Four months later, Ho responds
Karen K. Ho mailed me yesterday (2015.01.28) for some reason. Excerpted:
The simple matter of why I did not write the essay on my WordPress blog is I didn’t expect it to become an essay at all
despite numbering its paragraphs.
and writing things in 140 character chunks causes me less anxiety. I should have posted or embedded the collection on my blog afterwards, but it was not a priority of mine at the time.

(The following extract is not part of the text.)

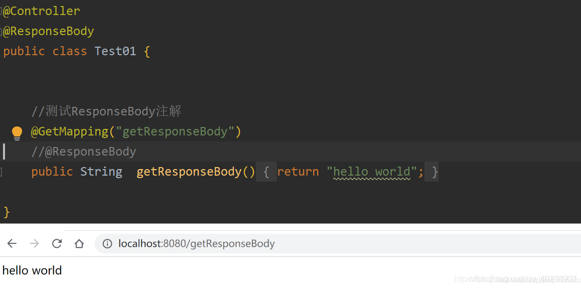 @ResponseBody可以作用在方法上或类上,表示该方法的返回结果直接写入 HTTP response body 中,而不会被解析为跳转路径,即不会经过视图解析器,返回什么数据即在页面输入什么数据。
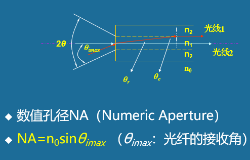 uNA(或θimax)越大,表示光纤接收光的能力越强,光源与光纤之间的耦合效率越高。

I learned HTML and CSS back when you needed them to manually modify templates for LiveJournal and OpenDiary. I have rarely ever had to use them during a job. Most hiring editors would prefer I know how to take and process photographs with a DSLR, use InDesign, or be able to read financial statements and earnings reports. Some of those are technical skills, like the ones I learned in television production. But I know not all journalism jobs require them, need them or even find them useful. […]
From my experience talking with other journalists and editors, knowledge of Mandarin or video-editing skills would be seen as more valuable than knowing how to mark up a paragraph, JQuery or have a thorough understanding of Unicode. However, this would be their assessment for a general reporter or business reporter, not a Web producer who may have aspirations or encouragement to develop interactive graphics or intricate parallax digital features [sic].
As someone who you point out is Asian, but not American, I don’t know what the term “your kind of people” implies.
It doesn’t mean what she insinuates it means. It means her social class long ago agreed to despise me. In downtown-progressive fashion, she twists the knife in the next sentence:
There are certainly a lot of white males of similar in age to you I see currently working in Canadian newsrooms.
How many of them are gay, Karen? Gay with technical competence? To downtown progressives, racism is the ur-issue.
A technically competent journalist who gives advice but does so in a demoralizing and patronizing tone is incredibly hard to listen to. You do have an incredible amount of experience and knowledge about a lot of different subjects. However, no one likes feeling like someone is loudly implying or proclaiming they are stupid and/or useless, especially in public forums.
Life is often hard enough as it is, and many people, including myself, would rather not subject themselves to someone else talking down to them if they can avoid it.
And I’m going to stop there, because at the outset she attacked me. I didn’t know her from Adam when she took to Twitter to lambaste me. Elsewhere, Ho proved that she, like others of her generation (Ho tells me she’s 28), does not know what “hack” means. I stipulate she doesn’t like being called a kid. Well, I don’t like the way her peer group treats me.
As I wrote to her last night:
I see rampant ineptitude and inexpertise in the specific fields I address, which are not a zero-sum game with other fields. You can gain the expertise I say you need in no time at all. (First you’d buy BBEdit.) Semantic markup is a foundational skill; the fact none of your bosses, you claim, understand this fact is merely symptomatic. You’ve explained that the entire editorial chain, not just kid hacks, has no idea how the Web works.
Further, I don’t understand why Ho is complaining. Her degree of technical competence and her first-strike nastiness are the absolute norm in Toronto journalism. Nobody likes a sore winner.